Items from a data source
[Start of section]

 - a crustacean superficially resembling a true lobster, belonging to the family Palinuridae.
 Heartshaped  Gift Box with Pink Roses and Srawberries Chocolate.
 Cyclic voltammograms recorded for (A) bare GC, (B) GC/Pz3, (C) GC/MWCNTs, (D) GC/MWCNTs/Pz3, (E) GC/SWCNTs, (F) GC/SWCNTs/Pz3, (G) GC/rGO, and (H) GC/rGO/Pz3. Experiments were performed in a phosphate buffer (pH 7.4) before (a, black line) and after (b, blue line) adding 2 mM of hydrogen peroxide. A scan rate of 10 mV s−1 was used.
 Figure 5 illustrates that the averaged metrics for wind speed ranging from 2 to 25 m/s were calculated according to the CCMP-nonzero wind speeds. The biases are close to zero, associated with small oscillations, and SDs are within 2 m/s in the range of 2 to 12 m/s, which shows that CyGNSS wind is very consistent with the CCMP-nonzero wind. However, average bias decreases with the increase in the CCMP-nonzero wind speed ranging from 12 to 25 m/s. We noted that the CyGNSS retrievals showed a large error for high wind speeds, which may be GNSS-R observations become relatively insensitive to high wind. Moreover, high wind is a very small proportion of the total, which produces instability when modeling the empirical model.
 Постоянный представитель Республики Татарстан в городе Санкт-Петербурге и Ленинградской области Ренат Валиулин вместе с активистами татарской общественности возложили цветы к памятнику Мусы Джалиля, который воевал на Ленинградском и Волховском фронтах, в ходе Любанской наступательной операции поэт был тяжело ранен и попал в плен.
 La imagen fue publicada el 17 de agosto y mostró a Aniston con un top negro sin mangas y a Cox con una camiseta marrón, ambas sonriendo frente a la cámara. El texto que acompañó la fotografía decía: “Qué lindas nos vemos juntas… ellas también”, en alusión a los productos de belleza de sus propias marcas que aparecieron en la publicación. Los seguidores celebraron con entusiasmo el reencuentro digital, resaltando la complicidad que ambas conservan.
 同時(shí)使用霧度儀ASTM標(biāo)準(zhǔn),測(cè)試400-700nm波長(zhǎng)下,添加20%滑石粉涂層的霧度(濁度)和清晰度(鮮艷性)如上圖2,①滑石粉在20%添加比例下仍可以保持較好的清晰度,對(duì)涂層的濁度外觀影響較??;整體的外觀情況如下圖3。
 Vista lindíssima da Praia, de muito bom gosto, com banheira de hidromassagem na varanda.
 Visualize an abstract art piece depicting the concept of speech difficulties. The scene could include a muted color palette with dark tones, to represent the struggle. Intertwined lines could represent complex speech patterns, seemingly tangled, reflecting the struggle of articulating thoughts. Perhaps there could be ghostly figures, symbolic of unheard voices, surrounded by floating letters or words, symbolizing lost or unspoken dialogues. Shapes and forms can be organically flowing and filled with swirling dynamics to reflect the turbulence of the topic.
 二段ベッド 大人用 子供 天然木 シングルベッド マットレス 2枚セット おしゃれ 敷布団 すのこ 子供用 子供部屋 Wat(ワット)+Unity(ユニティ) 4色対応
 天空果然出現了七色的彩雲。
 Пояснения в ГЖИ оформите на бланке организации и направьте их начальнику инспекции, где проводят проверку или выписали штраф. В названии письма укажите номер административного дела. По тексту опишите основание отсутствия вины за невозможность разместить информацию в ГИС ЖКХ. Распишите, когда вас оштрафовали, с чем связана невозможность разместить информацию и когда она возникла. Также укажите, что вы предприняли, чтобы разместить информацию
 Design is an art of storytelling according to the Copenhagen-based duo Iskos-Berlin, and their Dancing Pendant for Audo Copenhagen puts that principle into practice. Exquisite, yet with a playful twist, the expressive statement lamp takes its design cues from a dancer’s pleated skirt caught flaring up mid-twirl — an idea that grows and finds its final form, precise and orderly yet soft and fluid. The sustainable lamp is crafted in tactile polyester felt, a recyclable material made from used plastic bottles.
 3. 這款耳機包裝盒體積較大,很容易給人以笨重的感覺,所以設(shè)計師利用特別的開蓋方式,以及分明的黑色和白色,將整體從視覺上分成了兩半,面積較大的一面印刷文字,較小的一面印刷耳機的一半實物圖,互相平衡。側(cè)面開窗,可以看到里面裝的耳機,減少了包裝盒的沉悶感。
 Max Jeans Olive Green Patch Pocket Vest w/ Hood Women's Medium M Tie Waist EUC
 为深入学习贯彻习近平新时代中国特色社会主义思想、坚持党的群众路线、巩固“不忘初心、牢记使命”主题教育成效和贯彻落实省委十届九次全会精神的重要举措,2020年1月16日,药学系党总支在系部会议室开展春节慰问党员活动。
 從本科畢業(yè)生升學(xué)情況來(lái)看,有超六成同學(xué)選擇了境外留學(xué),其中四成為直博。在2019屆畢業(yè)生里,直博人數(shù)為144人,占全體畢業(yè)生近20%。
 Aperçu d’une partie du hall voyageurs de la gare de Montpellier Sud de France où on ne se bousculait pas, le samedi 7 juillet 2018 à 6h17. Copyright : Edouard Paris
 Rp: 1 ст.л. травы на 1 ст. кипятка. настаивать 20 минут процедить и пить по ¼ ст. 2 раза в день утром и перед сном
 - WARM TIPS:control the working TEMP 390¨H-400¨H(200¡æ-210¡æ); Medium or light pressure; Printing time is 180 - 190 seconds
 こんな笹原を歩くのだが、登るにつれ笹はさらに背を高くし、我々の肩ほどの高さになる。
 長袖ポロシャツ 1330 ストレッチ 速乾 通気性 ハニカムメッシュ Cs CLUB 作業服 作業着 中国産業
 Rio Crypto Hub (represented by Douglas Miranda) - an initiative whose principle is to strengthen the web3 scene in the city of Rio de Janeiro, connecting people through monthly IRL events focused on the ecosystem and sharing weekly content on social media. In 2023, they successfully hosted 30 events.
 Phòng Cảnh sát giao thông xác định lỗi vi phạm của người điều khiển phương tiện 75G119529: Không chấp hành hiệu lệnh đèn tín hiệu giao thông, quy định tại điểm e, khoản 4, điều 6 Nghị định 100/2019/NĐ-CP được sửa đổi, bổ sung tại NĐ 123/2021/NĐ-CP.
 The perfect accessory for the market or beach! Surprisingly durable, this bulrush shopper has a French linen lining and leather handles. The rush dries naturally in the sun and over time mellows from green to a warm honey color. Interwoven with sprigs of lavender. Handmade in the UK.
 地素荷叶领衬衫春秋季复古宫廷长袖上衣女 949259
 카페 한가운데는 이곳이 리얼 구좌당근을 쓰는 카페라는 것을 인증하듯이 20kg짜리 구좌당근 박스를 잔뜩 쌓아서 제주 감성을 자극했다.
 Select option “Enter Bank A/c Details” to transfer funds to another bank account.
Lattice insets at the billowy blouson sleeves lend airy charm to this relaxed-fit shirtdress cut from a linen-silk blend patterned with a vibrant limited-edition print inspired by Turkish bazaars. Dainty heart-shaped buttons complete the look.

[End of section]

Task objective >>
All that is needed is the exact run of lines above from the line containing "長袖ポロシャツ 1330 ストレッチ" through the line containing "Phòng Cảnh sát", both of them included.

Problem solution >>
 長袖ポロシャツ 1330 ストレッチ 速乾 通気性 ハニカムメッシュ Cs CLUB 作業服 作業着 中国産業
 Rio Crypto Hub (represented by Douglas Miranda) - an initiative whose principle is to strengthen the web3 scene in the city of Rio de Janeiro, connecting people through monthly IRL events focused on the ecosystem and sharing weekly content on social media. In 2023, they successfully hosted 30 events.
 Phòng Cảnh sát giao thông xác định lỗi vi phạm của người điều khiển phương tiện 75G119529: Không chấp hành hiệu lệnh đèn tín hiệu giao thông, quy định tại điểm e, khoản 4, điều 6 Nghị định 100/2019/NĐ-CP được sửa đổi, bổ sung tại NĐ 123/2021/NĐ-CP.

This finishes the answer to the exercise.